Long-Context Language Modeling with Parallel Context Encoding

Howard Yen, Tianyu Gao, Danqi Chen

Published: 2024, Last Modified: 01 Oct 2024ACL (1) 2024EveryoneRevisionsBibTeXCC BY-SA 4.0

Abstract: Extending large language models (LLMs) to process longer inputs is crucial for numerous applications. However, the considerable computational cost of transformers, coupled with limited generalization of positional encoding, restricts the size of their context window. We introduce Cross-Attention to Parallel Encodings (CAPE), a framework that can be applied to any existing decoder-only LLMs for context expansion. CAPE leverages a small encoder to process a long input chunk by chunk and enables the frozen decoder to cross-attend to the additional contexts. CAPE is efficient, generalizable, and versatile: trained with 8K-token documents, CAPE extends the context window of LLaMA-2 to 128K tokens, offering 10× of the throughput with only 1/6 of the memory.

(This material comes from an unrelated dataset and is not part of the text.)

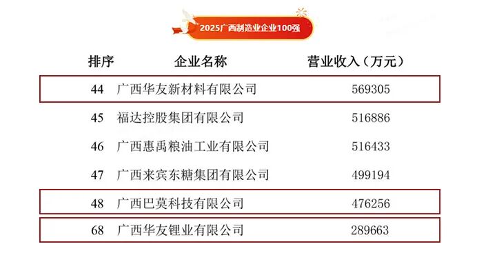 近日,2025廣西qm球盟會(huì)·(中國(guó))球盟會(huì)100強(qiáng)、廣西制造業(yè)qm球盟會(huì)·(中國(guó))球盟會(huì)100強(qiáng)榜單正式發(fā)布,華友廣西園區(qū)多家子公司強(qiáng)勢(shì)登榜,以集群之勢(shì)展現(xiàn)了園區(qū)雄厚的制造實(shí)力與卓越發(fā)展成就,為華友廣西園區(qū)建設(shè)五周年交出了一份璀璨的成績(jī)單。

CAPE yields strong performance on language modeling and in-context learning. CAPE also excels in retrieval-augmented applications, while existing long-context models degenerate with retrieved contexts. We further introduce a CAPE variant that can extend the context window of instruction-tuned models with only unlabeled data, and showcase its effectiveness on LLaMA-2-Chat, leading to a strong instruction-following model that can leverage very long context on downstream tasks.